背後に忍び寄られても気づかないほど注意散漫になっていたと、アリスは自らの未熟さを内心叱咤した。
「アーリス。悩み事?」
「……うん。コージは『念丸』、ユエは『鎌威太刀』があるけど、私はどんな念能力が良いのか、それすら思い浮かばない。ユエはどうやって自分の念能力を決めたの?」
そう、自らの念能力。此処に至っても全く浮かばず、方向性すら掴めないそれが足を引っ張っていた。
「私? うーんとさ、私の場合は獲物有りきだからからねー。武器の間合いを広げたり、刃状のオーラを飛ばせたら便利かなぁって。それにゴンのジャジャン拳のグーチョキパーを参考にしたから案外簡単に型は完成したね。まだまだ完熟度は低いけどさ」
オーラを刃状に変化させ、その状態のまま放出させる。幾ら強化系で変化系と放出系が隣り合っているとは言え、両方を同時に実行するのは至極困難だとユエは吐露する。
「念能力なんて突き詰めれば自分が何をしたいかだねー。別に戦闘向きなのを必ずしも作る必要も無いと思うけど。ほら、ビスケのなんて超便利だったじゃん」
ビスケの念能力は確か『魔法美容師(マジカルエステ)』で戦闘外で多大に活躍出来る代物であり、念=必ずしも戦闘用ではないという事を示す教訓の一つだろう。
「でも、戦闘用の念じゃないと格上の相手には絶対勝てない」
オーラの総量で劣っているのならば、並大抵の攻防ではダメージを与える事すら出来ない。

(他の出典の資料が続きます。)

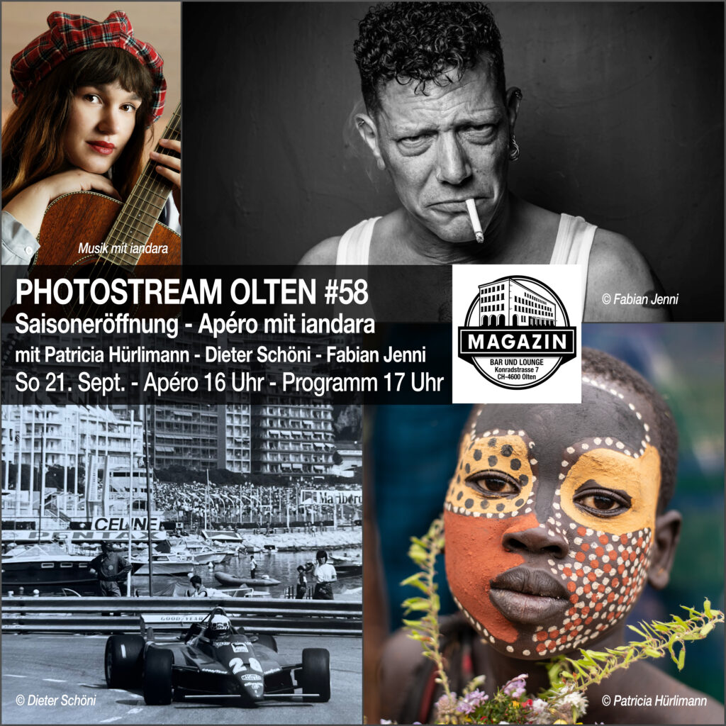 Diese Ausgabe des PHOTOSTREAM OLTEN stellt auch einen auch örtlichen Wechsel dar, in Zukunft werden die Fotoabende des Oltner Fotozirkels immer in der Magazin Bar im Haus der Museen stattfinden. Dies liegt unter anderem an der geplanten Zusammenarbeit mit dem IPFO Haus der Fotografie, das sich gleich gegenüber befindet. Am PHOTOSTREAM OLTEN Ende November wird der Fotograf und Co-Direktor des IPFO, Remo Buess, einen Vortrag über seine Arbeit als Fotograf und Mitgründer des IPFO Fotografie Hauses in Olten halten.

今の自分が纏う最大限のオーラも、あの時の彼女と比べて、まだまだ劣る。
「……明確な目標を持つってのは悪い事じゃないと思うけど、さ。最近、コージもアリスもアイツの事にこだわり過ぎって思う訳」
後ろから抱き着いていたユエはアリスから離れ、夜空を見上げる。
ユエは手を天に差し伸べ、月を掴もうとする。当然の如く、その掌に納まるものではなく、その指先は空を切る。

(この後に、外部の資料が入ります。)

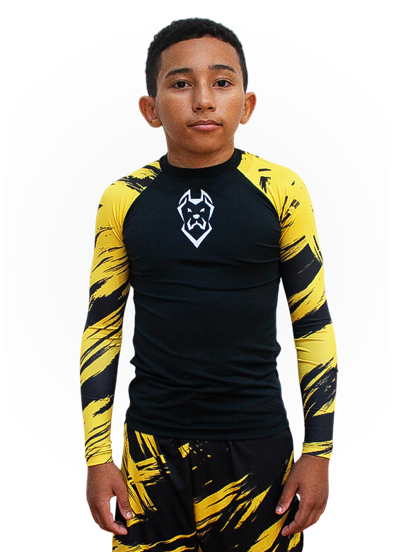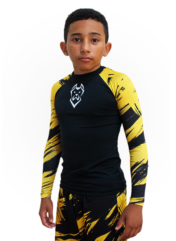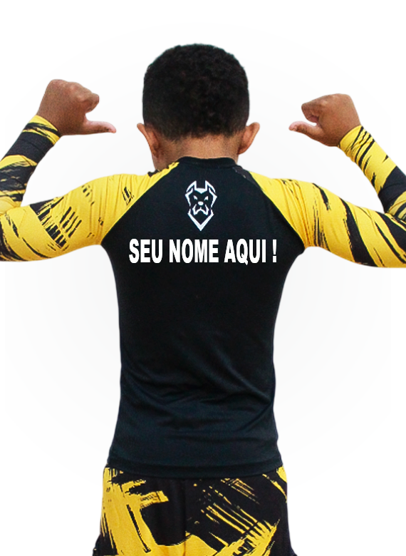 Rash Guard manga longa estampa amarela Canecorso com seu Nome

「確かにグリードアイランドをプレイする上でアイツが一番の障害なのは解っている。でもさ、何だか悔しいんだ。アイツにばかり意識が行っていて、修行中もいつも上の空で――」
――目の前に居るのに、見てくれなくて。
それが誰の事を指しているのか、アリスは即座に思い至り――振り返って見たユエの顔は、真っ赤に茹で上がっていた。
「あ、あはは! 何言ってるんだろうねー私! 逆上せちゃったかなぁー、先に上がっているね、アリス!」
ユエは慌てて飛び去り、逃げるように消える。
残念な事に効果が出ない、三十分未満の入浴だった。